Please keep in mind. Batteries are heavy. The average weight is around 65lbs each. In your case your going to want to find the most center area in your boat to put the battery bank, so as to keep things balanced.

Also keep in mind that most inverters need to be no longer than 10' from the inverter. It's easier and cheaper to run AC lines than DC lines. 

There are two ways you can install a inverter to your existing AC system. 

1. 50 amp auto transfer system. In this set up you would take the 30 amp 110 line coming from the inverter and bridge the two hot legs on the input side of the transfer switch. This would allow you to run everything in the boat. The benefit of this design is that it's cheaper and easier. But the downside is that you have the chance to over run your inverter if you turn on anything heavy. And if you have a 110 water heater or a air conditioner and forget to shut it off it will kill your batteries in no time. For this reason, we don't do this type of install.

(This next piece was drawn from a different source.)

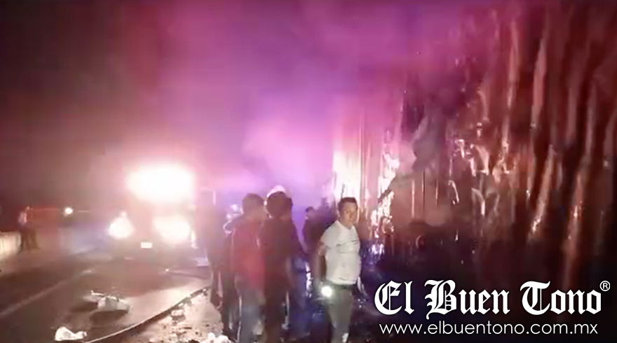 Maltrata.- La mafrugada de hoy y all descender las cumbres de Maltrata sobre la autopista Puebla – Córdoba, un tractocamión que transportaba vacunas se quemó al parecer debido a una falla mecánica.

2. 4 circuit sub box powered by the inverter. In this setup we take a customer in his coach and have him tell us what he wants to run. I.E. outlets, microwave, TV etc. Once we determine the items the customer wants we then locate the circuits that run them and mark them (up to four). We then pull the wires from those four circuits out of the AC breaker box and run them to the new sub box. We then place a 30 amp feed breaker into one of the empty spaces in the AC breaker box and have that feed the input of the inverter/charger with 10/2 Romex. We then run another 10/2 Romex from the output of the inverter/charger and send that to the new Sub box. This way, the whole thing is fully automatic. If you plug in or run the generator the inverter see's this power and shuts off the inverter and starts the charger. If power is lost it then automatically turns the charger back off and starts the inverter. This is done so fast that most electronics do not see the drop and stay on.

When installing the inverter/charger we use a 300 amp T-fuse and 4/0 wire to hook to the batteries. 
Yes I said 4/0 wire.:tango_face_surprise

When wiring up the battery bank we use 2/0 wire for all interconnects. Don't cheap out on wire. If you don't use the recommended size of wire you can turn it into a welding cable in less than 30 seconds and batteries will go boom.:tango_face_devil:

Also, don't forget your grounds on the inverter and Sub box. 

So you might ask yourself, why the heck would I need a 100 amp battery charger anyway? Well, lets think about this for a second. Your generator is probably around 6000 watts or close. Your battery bank might be 500 amps in size. 

You could run your generator for 4 hours and have a completely charged battery bank or you can run a cheap charger and run the thing all day. Without actually having any other way to charge your battery, it's really the only way to go.

So I'm going to attach some pictures of some of the work I've done so you can get a idea of what your looking at minus the solar systems. This isn't a cheap solution, but its the most efficient way you can do it. If you do this right, you will have a great system that will last you years of trouble free service. 

Good luck.:tango_face_wink:


----------



## Osviur (Sep 7, 2015)

Thank you Handyman, this is a really complete and clear explanation with simple words and a model for the way to explain technical themes that may be difficult to understand, but you did it easy. Congratulations!


----------